In light of the Bash vulnerability or “ShellShock”, I decided to upgrade some of my servers to 14.04. I started with nextcode. I opened a terminal on my local machine, ssh’d in, and ran do-release-upgrade. Unfortunately, I forgot about class at 2:30pm.
The thing about Ubuntu release upgrades is they often prompt you for manual confirmation: “do you want to replace bla.conf? yN?”. I wanted to be able to respond to these requests while on campus. This would be trivial if I had originally ssh’d and opened a tmux session, which I didn’t.

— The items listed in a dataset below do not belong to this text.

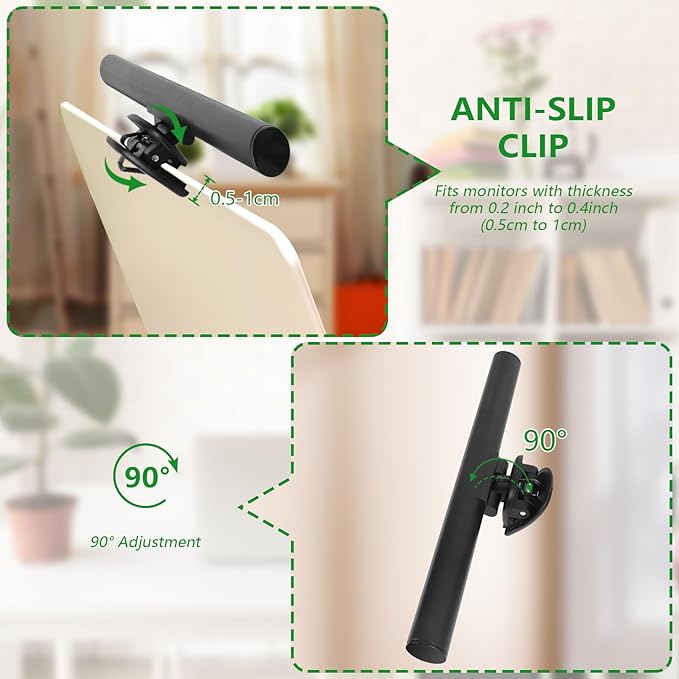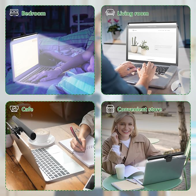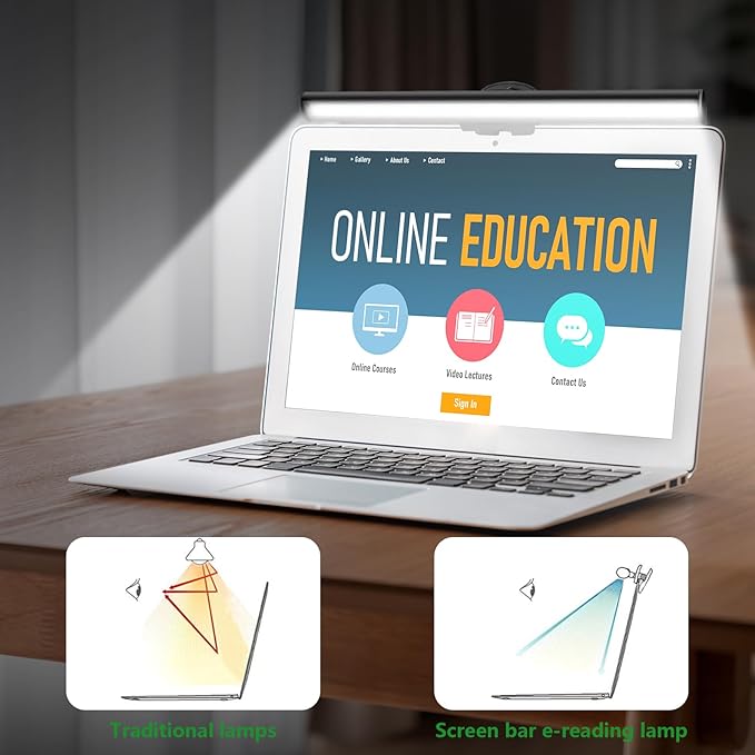 - Space Saving:It sits safety atop your laptop monitor, no base and traditional lamp arm, saving valuable space on your desk, no need giving up space for a desk lamp anymore, especially for small desk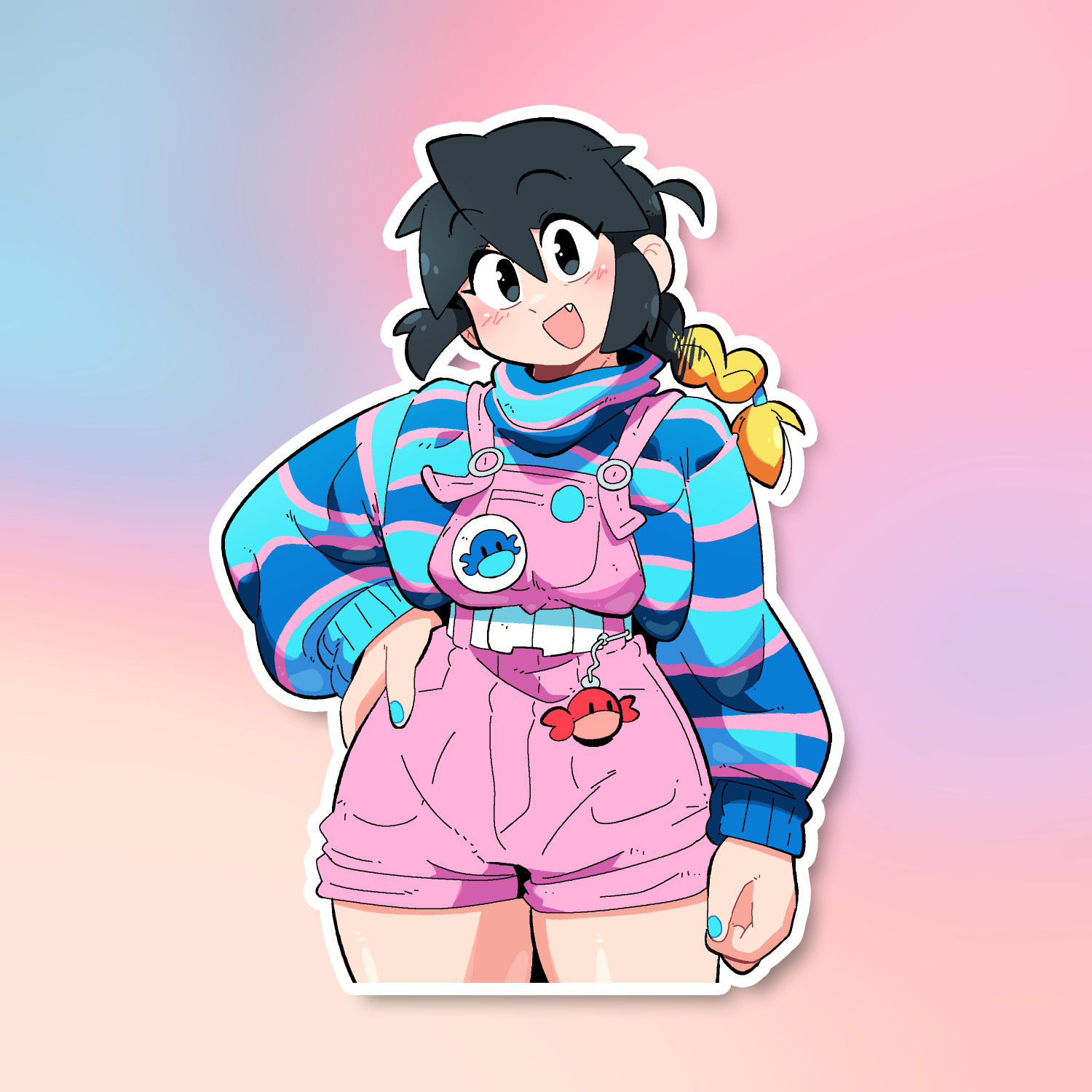 All of our stickers are die-cut and made-to-order. They are available in two different sizes, 4 inches and 6 inches, and are available in three variants: standard, holographic, and laminate.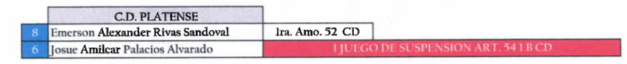 En Club Deportivo Platense, Josué Palacios, expulsado por doble amonestación ante Zacatecoluca FC, recibió un juego de sanción.

No worries. I’ll suspend and background the upgrade process, open a new connection in tmux and let that shell take ownership of the process. Ez-Pz. So I do this, up to the final glorious step where the new shell would inherit the fragile process.
$ reptyr 1234
$ command not found
Hmm… I’ll just install it.
$ sudo apt-get install reptyr
$ [EXPLOSION]
Oops, dpkg is in the process of a distro upgrade. Uhh wait if I just kill the process, I’m sure I’ll be able to rerun do-release-upgrade and pick up where I left off, right? (Young and naive Michael, so full of hope in this world).
$ kill -9 ….
$ sudo do-release-upgrade
(No new releases found).
Rest in peace, looks like I’ve successfully completed a partial upgrade to 14.04. After running sudo dpkg -a configure, which seemed to finish the installation of 14.04 packages, nextcode is behaving quite strangely. Word on the street is a clean install might be scheduled.